#### [To do]
Print each entry word for word without images.

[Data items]
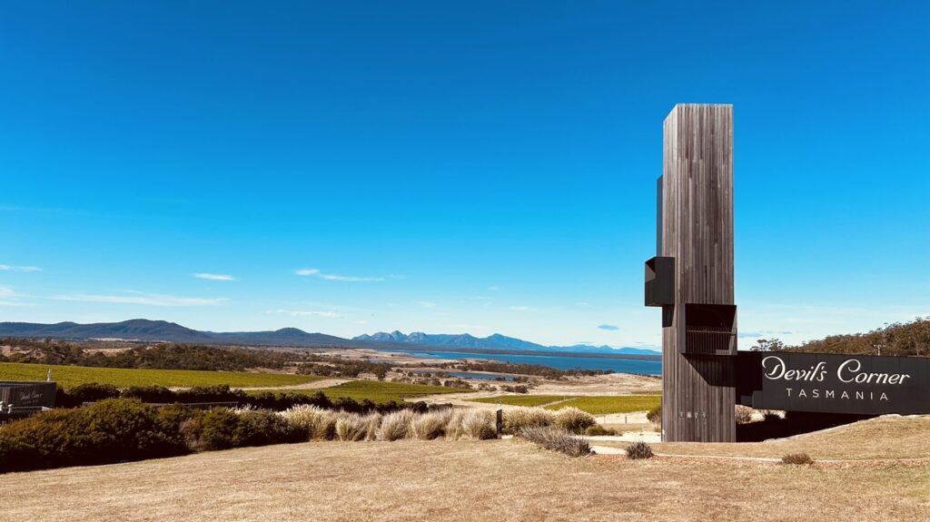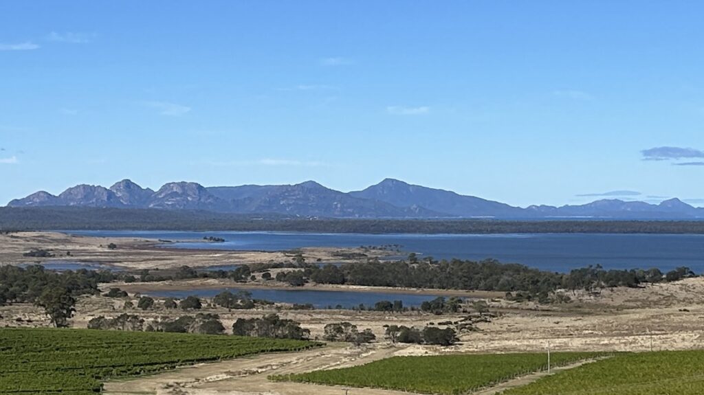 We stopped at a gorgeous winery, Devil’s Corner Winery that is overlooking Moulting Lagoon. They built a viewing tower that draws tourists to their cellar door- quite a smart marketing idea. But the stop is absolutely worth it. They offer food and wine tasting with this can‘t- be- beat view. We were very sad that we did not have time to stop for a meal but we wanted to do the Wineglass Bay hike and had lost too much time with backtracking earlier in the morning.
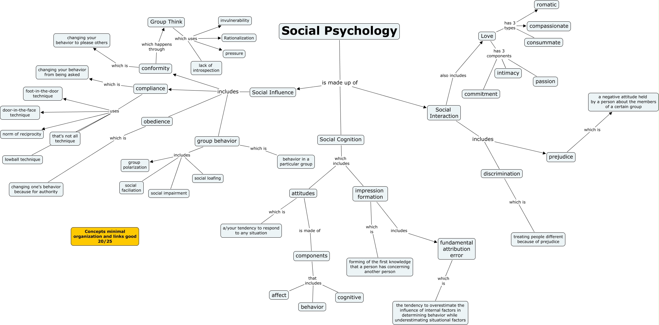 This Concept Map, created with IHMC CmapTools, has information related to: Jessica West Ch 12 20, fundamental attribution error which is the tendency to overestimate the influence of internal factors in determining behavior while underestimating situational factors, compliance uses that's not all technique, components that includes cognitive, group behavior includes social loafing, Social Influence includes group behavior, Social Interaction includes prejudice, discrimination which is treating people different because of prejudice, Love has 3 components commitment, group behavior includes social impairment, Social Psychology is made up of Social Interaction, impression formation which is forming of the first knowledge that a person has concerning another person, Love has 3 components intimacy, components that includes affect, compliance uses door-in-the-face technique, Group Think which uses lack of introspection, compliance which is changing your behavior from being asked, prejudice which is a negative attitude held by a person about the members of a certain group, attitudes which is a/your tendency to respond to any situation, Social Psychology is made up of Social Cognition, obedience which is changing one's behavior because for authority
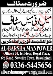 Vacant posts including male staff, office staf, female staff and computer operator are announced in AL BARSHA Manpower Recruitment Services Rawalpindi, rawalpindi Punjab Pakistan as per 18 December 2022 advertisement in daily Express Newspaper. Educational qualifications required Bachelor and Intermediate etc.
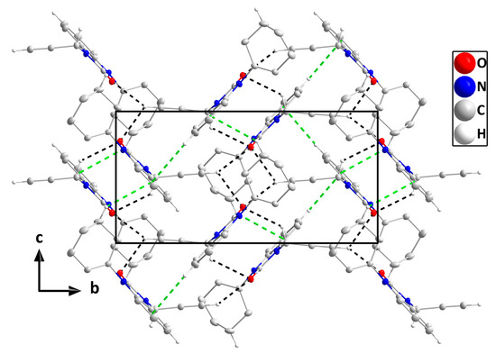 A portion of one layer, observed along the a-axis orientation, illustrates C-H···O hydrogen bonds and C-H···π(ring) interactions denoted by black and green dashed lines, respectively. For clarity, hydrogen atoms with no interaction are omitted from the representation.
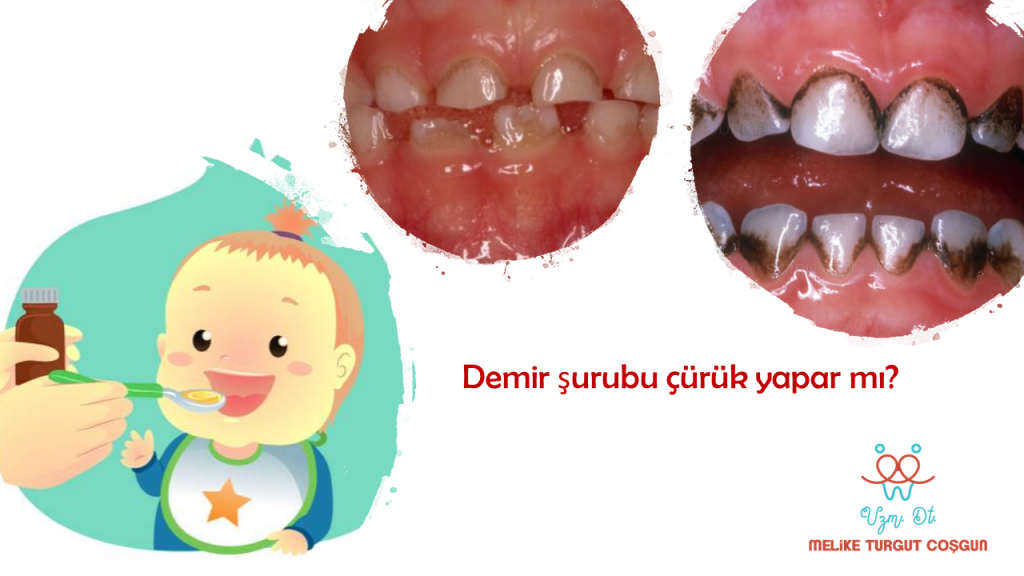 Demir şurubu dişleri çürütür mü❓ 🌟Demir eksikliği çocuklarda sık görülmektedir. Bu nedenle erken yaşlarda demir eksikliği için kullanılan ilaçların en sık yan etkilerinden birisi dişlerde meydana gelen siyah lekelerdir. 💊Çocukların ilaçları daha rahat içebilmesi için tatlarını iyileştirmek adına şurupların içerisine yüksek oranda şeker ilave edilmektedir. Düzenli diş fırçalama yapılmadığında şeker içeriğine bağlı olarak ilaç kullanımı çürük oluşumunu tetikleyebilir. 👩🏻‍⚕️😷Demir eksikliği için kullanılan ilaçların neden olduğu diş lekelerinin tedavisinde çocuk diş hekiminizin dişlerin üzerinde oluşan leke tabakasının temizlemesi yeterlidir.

#### [Exercise result]
 We stopped at a gorgeous winery, Devil’s Corner Winery that is overlooking Moulting Lagoon. They built a viewing tower that draws tourists to their cellar door- quite a smart marketing idea. But the stop is absolutely worth it. They offer food and wine tasting with this can‘t- be- beat view. We were very sad that we did not have time to stop for a meal but we wanted to do the Wineglass Bay hike and had lost too much time with backtracking earlier in the morning.
 This Concept Map, created with IHMC CmapTools, has information related to: Jessica West Ch 12 20, fundamental attribution error which is the tendency to overestimate the influence of internal factors in determining behavior while underestimating situational factors, compliance uses that's not all technique, components that includes cognitive, group behavior includes social loafing, Social Influence includes group behavior, Social Interaction includes prejudice, discrimination which is treating people different because of prejudice, Love has 3 components commitment, group behavior includes social impairment, Social Psychology is made up of Social Interaction, impression formation which is forming of the first knowledge that a person has concerning another person, Love has 3 components intimacy, components that includes affect, compliance uses door-in-the-face technique, Group Think which uses lack of introspection, compliance which is changing your behavior from being asked, prejudice which is a negative attitude held by a person about the members of a certain group, attitudes which is a/your tendency to respond to any situation, Social Psychology is made up of Social Cognition, obedience which is changing one's behavior because for authority
 Vacant posts including male staff, office staf, female staff and computer operator are announced in AL BARSHA Manpower Recruitment Services Rawalpindi, rawalpindi Punjab Pakistan as per 18 December 2022 advertisement in daily Express Newspaper. Educational qualifications required Bachelor and Intermediate etc.
 A portion of one layer, observed along the a-axis orientation, illustrates C-H···O hydrogen bonds and C-H···π(ring) interactions denoted by black and green dashed lines, respectively. For clarity, hydrogen atoms with no interaction are omitted from the representation.
 Demir şurubu dişleri çürütür mü❓ 🌟Demir eksikliği çocuklarda sık görülmektedir. Bu nedenle erken yaşlarda demir eksikliği için kullanılan ilaçların en sık yan etkilerinden birisi dişlerde meydana gelen siyah lekelerdir. 💊Çocukların ilaçları daha rahat içebilmesi için tatlarını iyileştirmek adına şurupların içerisine yüksek oranda şeker ilave edilmektedir. Düzenli diş fırçalama yapılmadığında şeker içeriğine bağlı olarak ilaç kullanımı çürük oluşumunu tetikleyebilir. 👩🏻‍⚕️😷Demir eksikliği için kullanılan ilaçların neden olduğu diş lekelerinin tedavisinde çocuk diş hekiminizin dişlerin üzerinde oluşan leke tabakasının temizlemesi yeterlidir.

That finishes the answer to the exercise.